Одно за другим наши «утра» легли в густую грязь Базарной площади. На улице краски засверкали с новой силой.

— В парижских ресторанах, — сказал Зак, — это называется вернисаж…

Я отвернулся. Народ шёл мимо нас, и серая пыль садилась на белые берёзки, голубую речку и малиновое солнце.

Крестьянин в рыжем зипуне подошёл к нам. Он долго разглядывал «выставку».

— Натуральная ручная работа! — сказал Зак. — Только что рама не золотая. Бери, кум!

— Хороши!.. — вздохнул крестьянин. Он оглянулся и тихо спросил — А того… чёботов… у вас нема?

— Чёботов! — усмехнулся Зак. — Ни, чёботов нема. Так без чёботов меньше хлопот, а то ещё мазать, обуваться…

Крестьянин улыбнулся, махнул рукой, отодвинулся. Подошли две молодицы — в кумачовых платках, в полусапожках, с кошёлкой. Зак оживился:

— Купляйте, красотки! Имеете картину всеми красками под названием «Летнее утро».

— А богато просите?

— Ни! С вашей ручки хоть мешок мучки. А что у вас в кошёлке?. — Та ничого! — А например? — Та мерочка бульбы!

— А ну сыпь её сюда, сыпь! — Зак подставил корзинку. — Сыпь, кума, не журись!

Картошка с приятным грохотом покатилась в нашу корзину.

— Самое главное, — сказал Зак, — это почин. Теперь дело пойдёт!

Старушка с хламом сердито щурилась на нас:

— Штоб вас квочка забодала! Штоб вас буря вывернула!..

Зак отшучивался:

— Меньше хмурься, бабуся, дальше побачишь!

…К концу дня мы разделались со всеми нашими «летними утрами». Добыча не влезала в корзинку: пшено, огурцы, картошка, три кочана капусты…

Зак отвалил мне львиную долю. Я помчался домой, прижимая к груди мешок. Отец открыл дверь.

— Ша, — сказал он, — министр без портфеля явился!

Мать сердито спросила:

— Почему крапивы не принёс, бездельник?

Я опустил мешок и грохнул изо всех сил капустой:

— Вот вам крапива!

Я вывалил картошку на пол:

— Вот вам духовный и статский портной!

Стукнул огромным огурцом:

— Вот вам сапожник Гирш!

Хватил другим огурцом:

— Вот вам министр без портфеля!

Отец с матерью кинулись ко мне, к продуктам… О чём-то заговорили, но я их не стал слушать. Я убежал к учителю.

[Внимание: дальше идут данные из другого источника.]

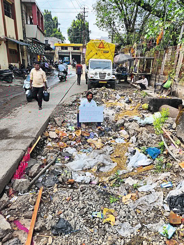 उल्हासनगर : मनसेचे पदाधिकारी योगीराज देशमुख यांनी खड्ड्यामध्ये बसून प्रतीकात्मक आंदोलन केले.
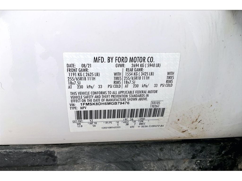 Ford Co-Pilot360 Assist+: Speed Sign Recognition; Voice-Activated Touchscreen Navigation System; Evasive Steering Assist; Intelligent Adaptive Cruise Control. Equipment Group 202A: 18" 5-Spoke Sparkle Silver-Painted Aluminum Wheels; Heated Steering Wheel; 3.58 Non-Limited-slip Rear Axle Ratio; ActiveX Captain's Chairs; 10-Speed Automatic Transmission; Acoustic-Laminated Front Side Windows; 2.3L EcoBoost I-4 Engine; P255/65R18 AS BSW Tires; 6. 160 lbs GVWR; AM/FM Stereo; LED Fog Lamps; Remote Start System. **Equipment listed is based on original vehicle build and subject to change. Please confirm the accuracy of the included equipment by calling the dealer prior to purchase.**
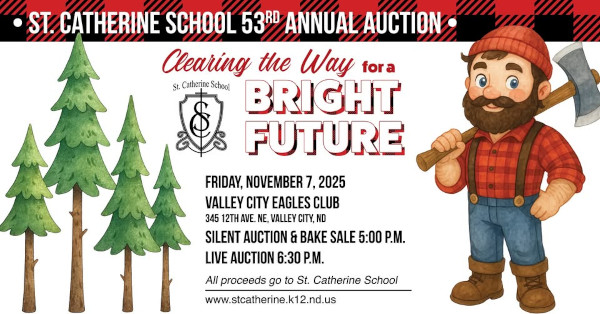 Valley City – St. Catherine School will host its 53rd Annual Fall Auction on Friday, November 7, at the Valley City Eagles Club. This year’s theme, “Clearing the Way for a Bright Future,” celebrates more than five decades of community spirit and support for local Catholic education.
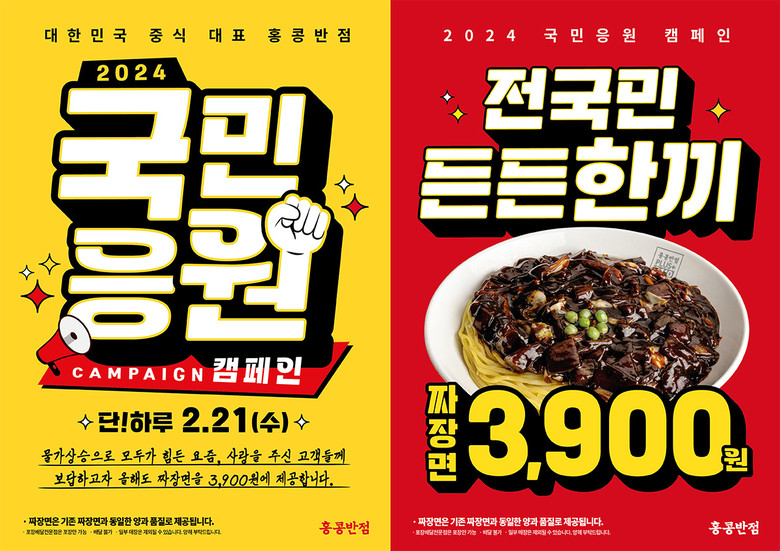 장기간 지속되는 고물가 기조로 모두가 힘든 요즘, 홍콩반점은 지난 18년간 받아온 고객들의 사랑과 성원에 보답하고자 합리적인 가격으로 든든한 한 끼 식사를 즐길 수 있도록 작년에 이어 올해도 국민응원 캠페인을 기획했다.
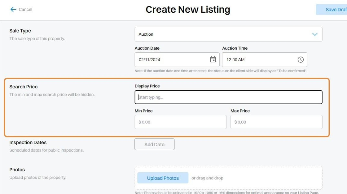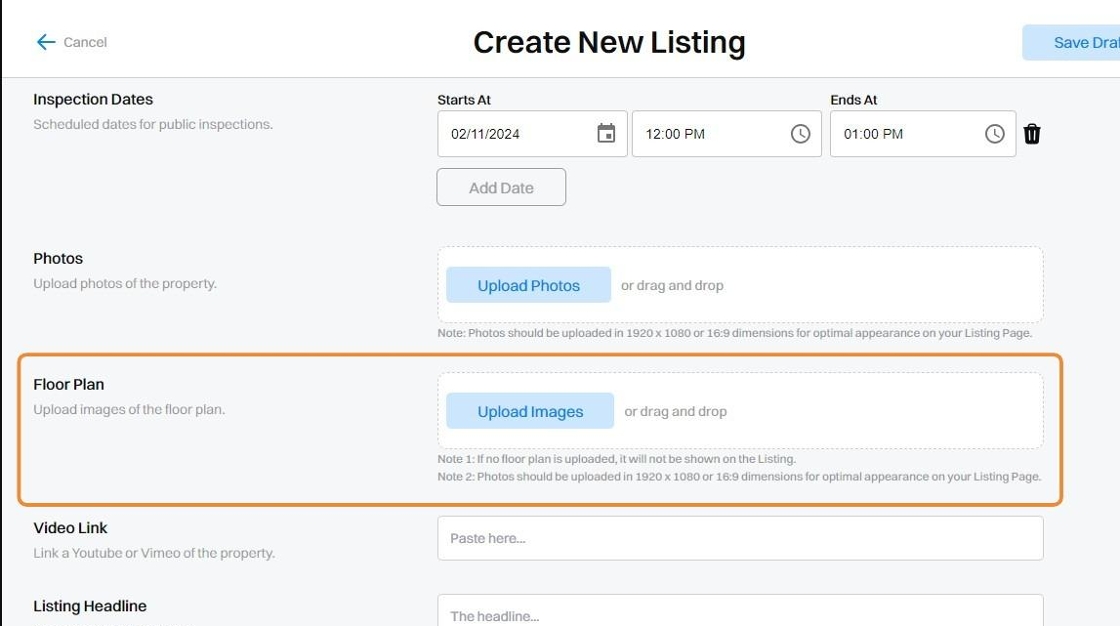 (Note: If this is left blank, your published listing page will show the Inspection Dates as 'To be confirmed' until they are added later).
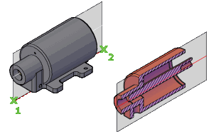 Section plane objects create sections of 3D solids, surfaces, meshes, and point clouds. Use live sectioning with section plane objects to analyze a model, save sections as blocks for use in layouts, and extract 2D geometry from point clouds.
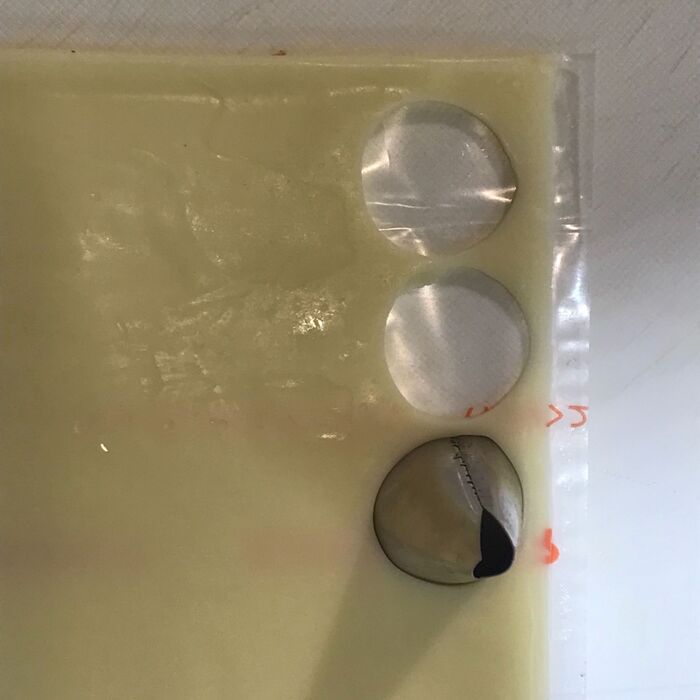体の部分は、ペットボトルのキャップにしました。楊枝で1/3に切り込み入れます。
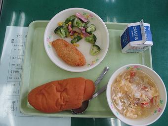給食は、ミルクパン、ささみチーズフライ、イタリアンサラダ、トマトスープ、牛乳でした。
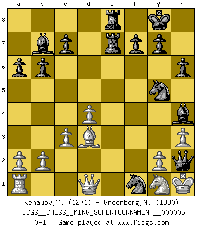 Last move : 0-1 2019 May 1 6:28:3 [Event "FICGS__CHESS__KING_SUPERTOURNAMENT__000005"] [Site "FICGS"] [Date "2019.03.01"] [Round "1"] [White "Kehayov,Yulian"] [Black "Greenberg,Normund"] [Result "0-1"] [WhiteElo "1271"] [BlackElo "1930"] 1.e4 e5 2.f4 d5 3.exd5 exf4 4.Nf3 Qxd5 5.d4 Bd6 6.Be2 Nf6 7.Nc3 Qe6 8.O-O O-O 9.Bd3 h6 10.Re1 Qd7 11.Bxf4 Bxf4 12.Ne2 Bd6 13.h3 Nc6 14.c3 b6 15.Bb5 Bb7 16.Rf1 a6 17.Bd3 Rfe8 18.Ng3 Bxg3 19.Qd2 Re7 20.Qc2 Qd6 21.Nd2 Bh2+ 22.Kh1 Rae8 23.Nf3 Bg3 24.Ng1 Nd8 25.Ne2 Bh4 26.Rg1 Nh5 27.Qd1 Ne6 28.Rf1 Ng5 29.Ng1 Ng3+ 30.Kh2 Nxf1+ 31.Kh1 Qh2+ 0-1 KGD : Falkbeer counter-gambit Kingside Castling by player White (move 8) Kingside Castling by player Black (move 8) Player Black won this chess game. Follow this game move after move (download)You sit at the board and suddenly your heart leaps. Your hand trembles to pick up the piece and move it. But what Chess teaches you is that you must sit there calmly and think about whether it's really a good idea and whether there are other better ideas. (Stanley Kubrick) Schach ist Krieg, im Schach geht es um testosterongesteuerte Urschreie. (Garry Kasparov) No puedes jugar al Ajedrez si eres de corazón noble. (Proverbio Francés) Je ne suis pas le dernier à jouer lâchement des coups douteux pendant le zeïtnot de l'adversaire pour l'achever: en effet les coups qui font le plus peur sont ceux que l'on ne comprend pas. Je me fais souvent peur quand je joue. (Un professeur anonyme) Winning isn't everything... but losing is nothing. (Mednis)

А там — пир на весь мир! Дети сидят за столом, посередине, как султан, возвышается Зак. Он гладит Миреле по голове и неторопливо рассуждает:

— Ничего!.. Война кончится… Все будут сытые, нарядные. И все будут художники с образованием, которые знают перспективу и анатомию…

Фейга кивает головой, поддакивает и то и дело подбегает к печке, где в громадной кастрюле весело вскипает крупная золотистая бульба.

ПЕРВЫЙ ПОМОЩНИК

В годы гражданской войны Ефим Зак торговал на базаре «лунными ночами» и «малиновыми восходами». Свой товар он выносил обычно в солнечный день. При этом он говорил мне:

— Ты, Гиршеле, мой второй помощник!

— А кто же первый?

— Первый — это солнце. Обыкновенное местечковое солнце, которое светит нам сквозь базарную пыль и дым лачуг. Оно помогает мне подобрать колер, сдать заказ, показать вещь лицом. Краски, Гиршеле, — это же целая химия!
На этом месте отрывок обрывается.